-----------------------------------------------------------
This is an automatically generated e-mail. To reply, visit:
https://reviews.apache.org/r/6377/#review12210
-----------------------------------------------------------
Sorry for taking so long for me to get back to this. I read through the code
again, and I figured out what was throwing me off the first time. The way this
is structured, there is a polling check-and-sleep mechanism built into the
SpoolingFileLineReader, causing it to block, as well as a start/stop mechanism.
This makes the SpoolingFileLineReader pretty complicated and, in my opinion, a
bit tricky to understand.

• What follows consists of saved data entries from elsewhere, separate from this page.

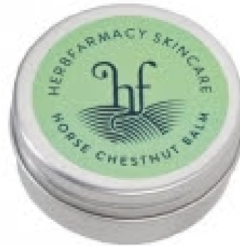
Horse Chestnut Balm - £9.98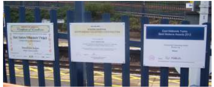
Trio of awards recognising improvement to the environment at Belper Station.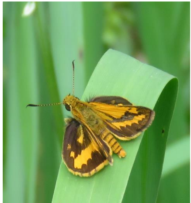
Green Grass-dart Ocybadistes walkeri Potential pollinator Terry Hanson Reserve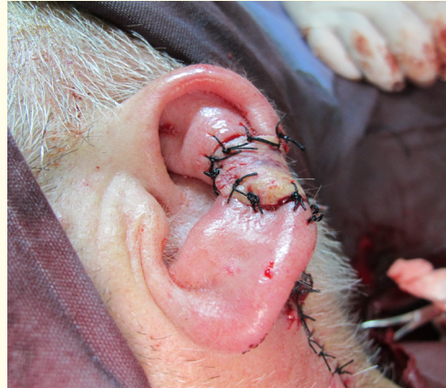
Figure 5: Flap reconstructed the helix and pre helix and posterior surface of the ear.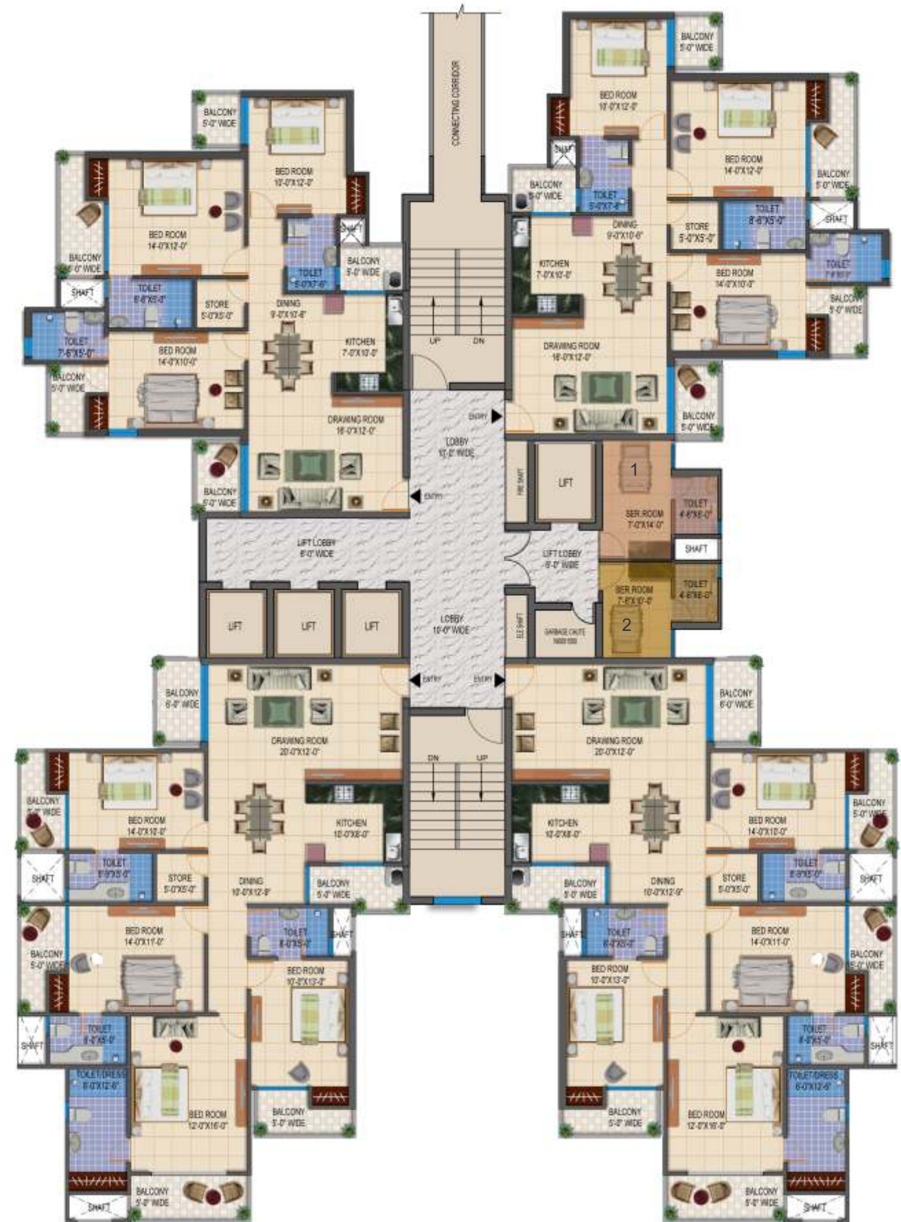
TOWER-A & D TYPICAL FLOOR PLAN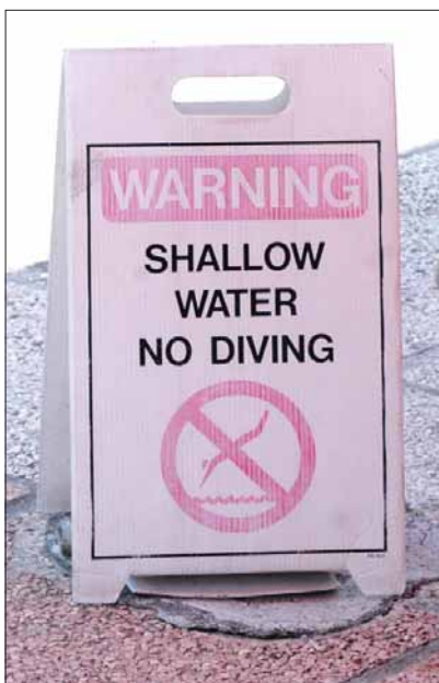
Warning signs and rules of the pools are posted in many locations. Patrons are encouraged to review the rules with their children prior to entrance.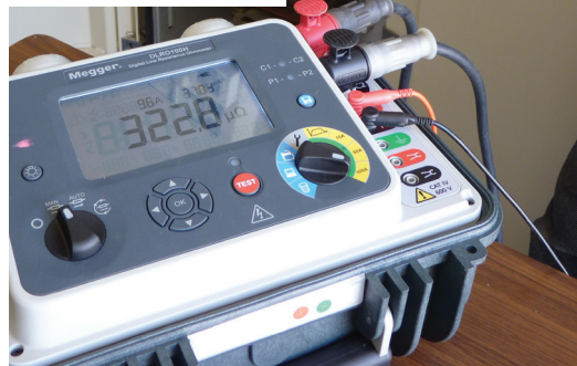
DLRO100H testing rack-mounted, 3-phase circuit breakers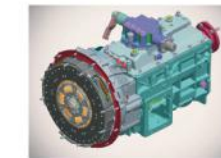
Proven Eicher 6-speed transmission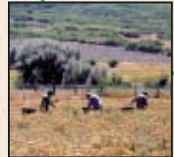
Western yarrow, seed field production.

A germplasm accession may potentially be shepherded through PVG categories on either genetic track to achieve formal release. For most native plant accessions, however, germplasm evaluation and comparison are designed to facilitate native plant use in localized site revegetation rather than for advancement toward formal release. In this context, a germplasm designation within any PVG category (Source identified, Selected, or Tested) is a legitimate end product. Many public and private agencies follow internally established protocols for germplasm acquisition, study, development, and/or release, though such formality is not a basic requirement in utilizing PVG certification. Germplasm eligibility for a given PVG category must be supported by documentation submitted to and accepted by an AOSCA seed certification agency.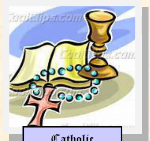
Catholic Answers 29

Q. I was raised in a Pentecostal home, but I am a very recent convert to the Catholic faith (I was baptized this past Easter).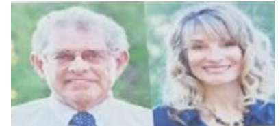
Reflections Healthcare (775) 727-7022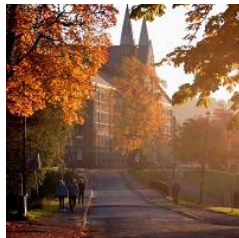
NTNU Trondheim Norway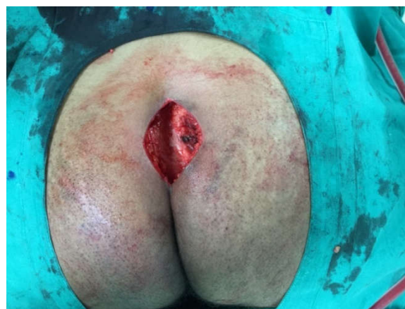
Fig. 3. Defect after rhomboid excision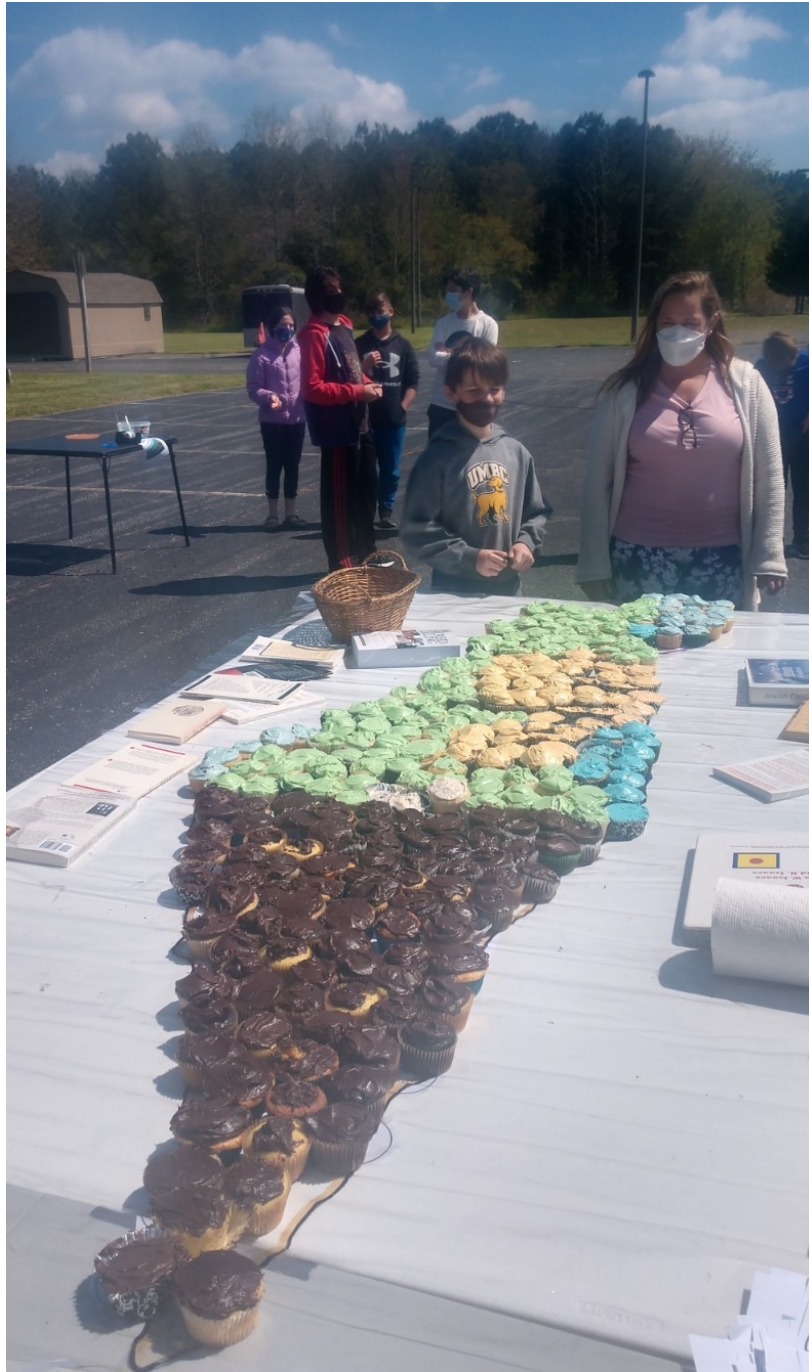
Sunday School students make a map of Israel from cupcakes.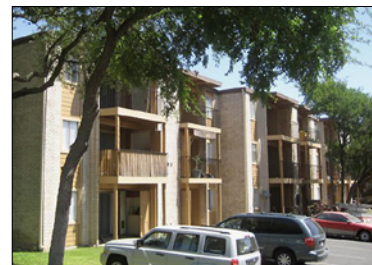
The Ridge at Barton Creek

City: Austin, Texas Buyer: Arel Capital Purchase Price: $48 MM Price per Unit: $117,121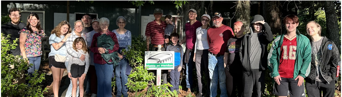
These Saint Paul's members served our food insecure neighborhood @ Manna on Meridian April 15, 2023

We are financially secure for the next few months. We will be partnering with Second Harvest- it will take several months to calculate how much that saves us.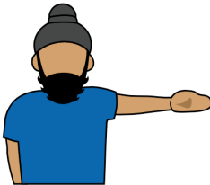
7. In/Out-of-bounds – Out of end zone "In" "Out"

Sweeping crossover motion with both arms extended down in front of body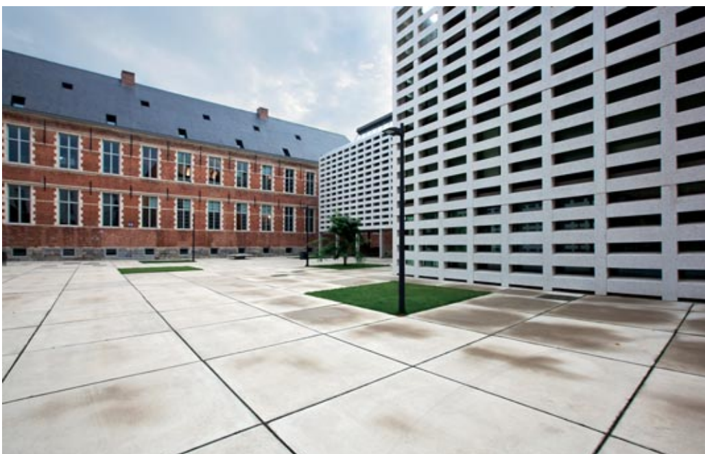
College of Europe, Verviersdijk 16, 2007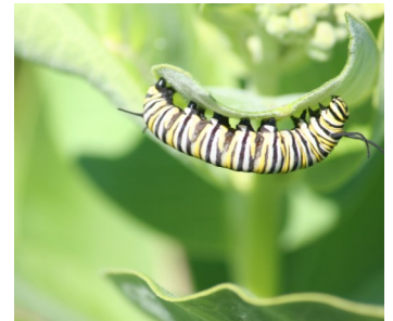
Monarch caterpillar munching on milkweed.

Welcome to MonarchNet News, an E-newsletter dedicated to monarch and butterfly citizen science projects. Do you tag monarch butterflies during migration or monitor larvae in the summer? Perhaps you are curious about how the data collected by citizen scientists like yourself are used. If so, join us to explore different butterfly citizen science projects and meet volunteers from across the country who contribute so much to their conservation! Monarch citizen science and long-term monitoring have been key to our understanding of monarch biology and conservation. Therefore, The Monarch Joint Venture wants to increase monarch monitoring efforts, and the analysis of the resulting data. The goal of this newsletter is to provide a forum for sharing outcomes from these projects and encourage more volunteers to participate in monarch citizen science. This first edition is just an introduction; we look forward to your input on the content of future issues.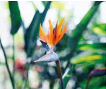
Sutorerichia December to March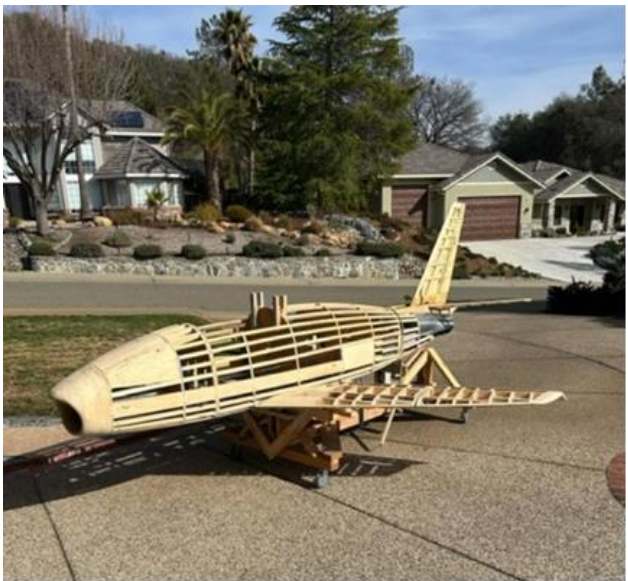
F-86 Saber (Parade Plane) Under Construction

Jerry is currently scratch building another “parade plane” (means it won’t fly). This one is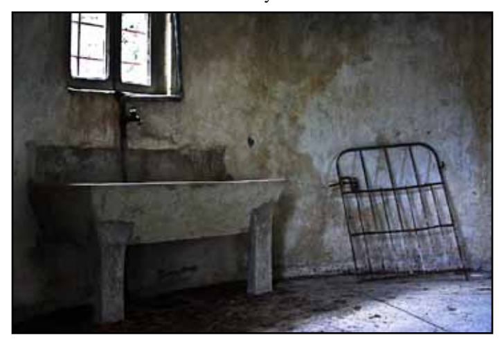
"The Pig Palace" by Jan Lightfoot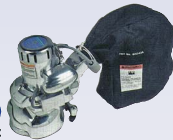
E Floor Sanding Set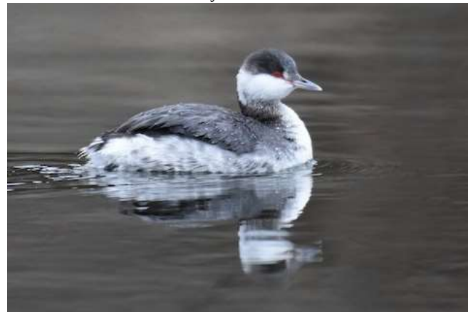
Horned Grebe Podiceps auritus , North Hydro Park, January 20 2022 (Geoffrey Clarke)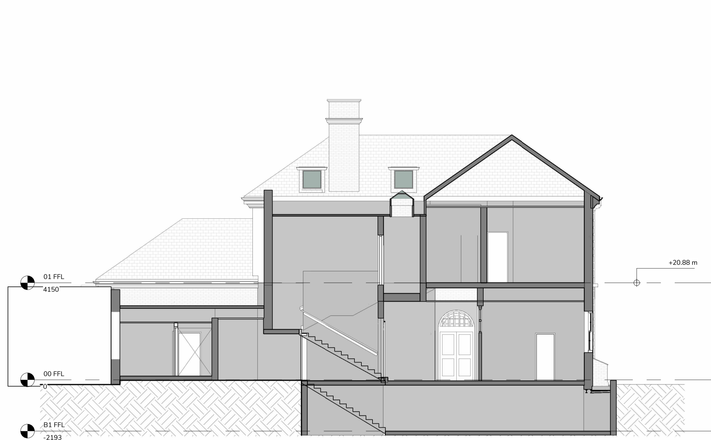
A GA Section A Existing 1 : 100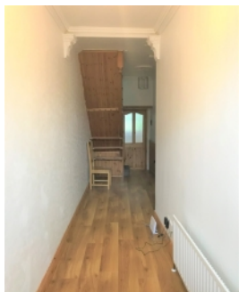
Entrance Hall 7.75m x 1.24m with Original Coving , Oak Flooring and Partial Wainscoting.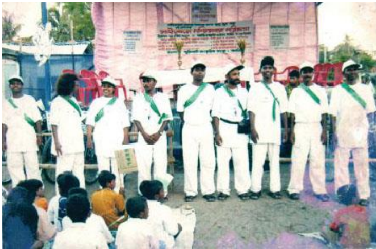
Going around West Bengal on bicycles, campaigning on snakebite awareness, 2007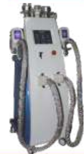
Cyrolysis Slimming Machine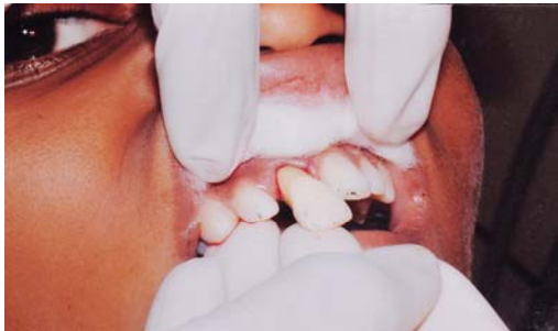
Fig 4: Replantation of tooth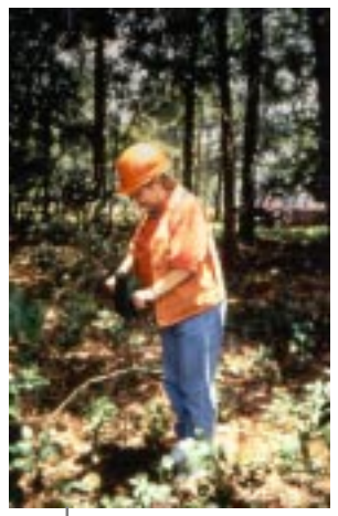
Soil compaction, removal of organic matter, and tree growth are carefully measured in long-term SRS studies.

The regional nature of the LTSP study and the types of environmental monitoring that are conducted have enabled scientists from four SRS research work units to begin a study of coarse woody debris decomposition on the sites. Decomposition rates for various sizes of woody debris will be correlated to environmental conditions on the sites and to the role of termites and other wood-inhabiting insects. Over time, changes in chemical composition (tannins and structural chemicals) also will be determined and related to other measured variables.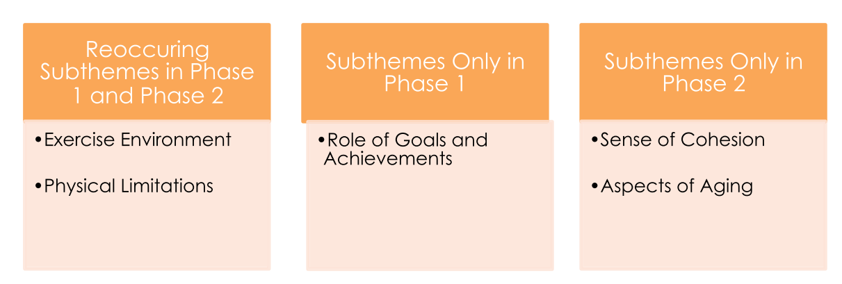
Figure 9: Subtheme similarities/differences among phases.

In pursuit of exploring basic psychological need fulfillment for participants following participation in a structured group-based program and how it may impact long-term exercise adherence, a closer look at competence is needed. According to Teixeira et al. (2012) "experiences of competence vary upon success or failure at challenging physical tasks or as a function of feedback from, for example, a fitness professional" (p. 3). Subthemes contributing to the need competence can be seen in Figure 9. Subthemes have been categorized in different groups; reoccurring subthemes in both Phase One and Phase Two, subthemes that only appeared in Phase One, and subthemes that only appeared in Phase Two.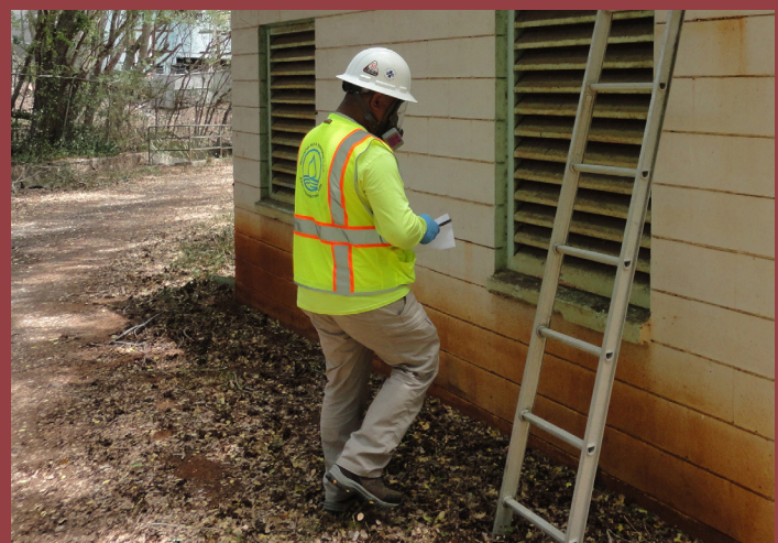
Material samplings at Animal Quarantine Station.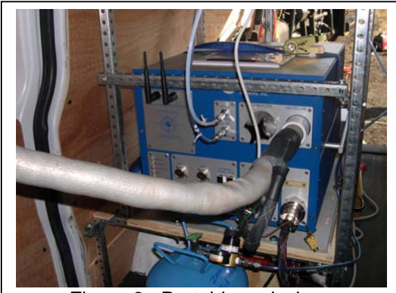
Figure 2. Portable emissions measurement system

After extensive research, a portable emissions measurement system was selected that is currently used in the heavy-duty diesel truck industry for measurement of locomotive emissions. Figure 2 below shows a front view of the emissions system.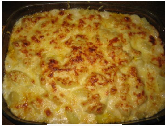
The « gratin »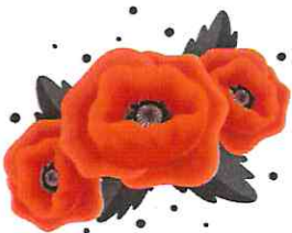
Lest we Forget

Bonfire Night: Top tips for staying safe - BBC Newsround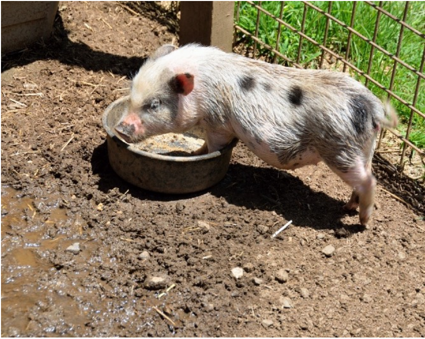
Domestic pig eating grain on the farm

Domesticated pigs and wild pigs have different diets. The wild pigs eat leaves, roots, fruit, and other small animals while the domesticated pigs eat mostly corn or grain based dinners.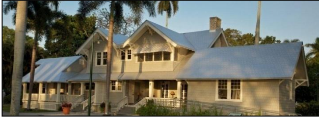
Henry Ford's winter house in Fort Myers is adjacent to...

Henry Ford spent several weeks a year at his winter home in Fort Myers. His home along with one that Thomas Edison owned are now both museums and the city of Fort Myers has long been proud of the city's connection to these men.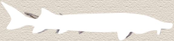
Atlantic sturgeon ( Acipenser o. oxyrinchus )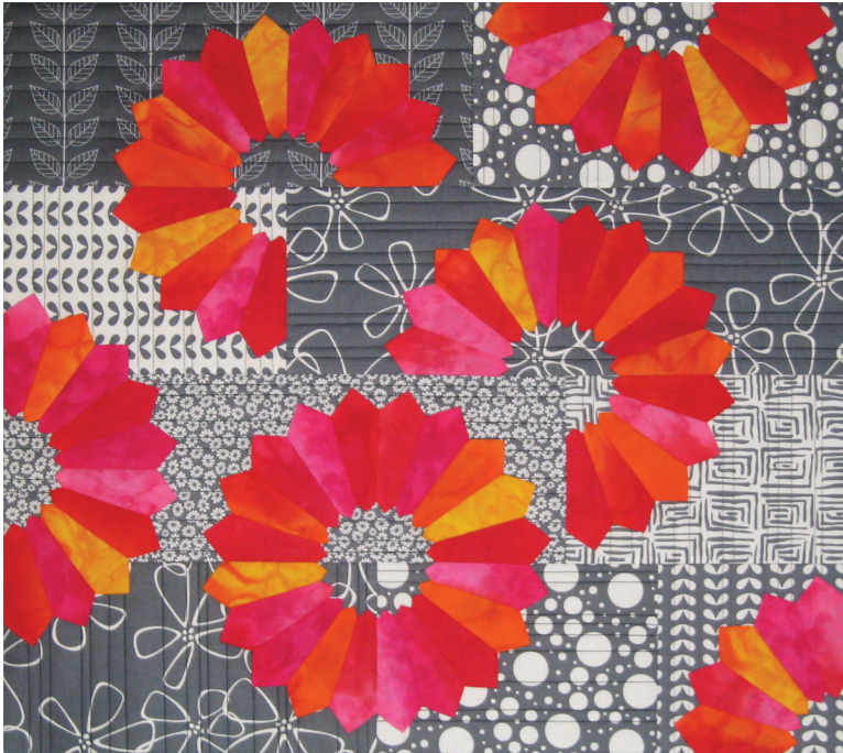
Disappearing Dresdens - 18 degrees (work from pattern or Dynamic Dresdens book)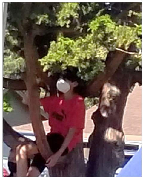
A young worshiper joins the outdoor bilingual service physically distanced from others at Hope Lutheran Church in Woodburn.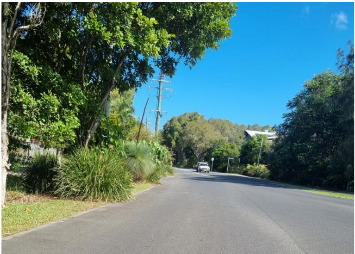
Figure 3 (above): Approach/stopping sight distance (Southbound, Bayshore Dr)

I think it would be great to refactor this code so
that the looping mechanism was done via
ScheduledExecutorService.scheduleWithFixedDelay at the top level of the Source
and/or Client (actually, an Executor is already there in the Source), allowing
the SpoolingFileLineReader to focus more on reading files and less on
maintaining state. This should also remove the need for the
ReaderStoppedException.
Another thing to consider is error conditions. What happens if processEvents()
throws a ChannelException? This can happen if the channel is full. In that
case, we should back off a bit, and then retry pushing the same events on the
next run. Along the same vein, we should not roll a file until we are certain
all events have successfully been committed to a channel.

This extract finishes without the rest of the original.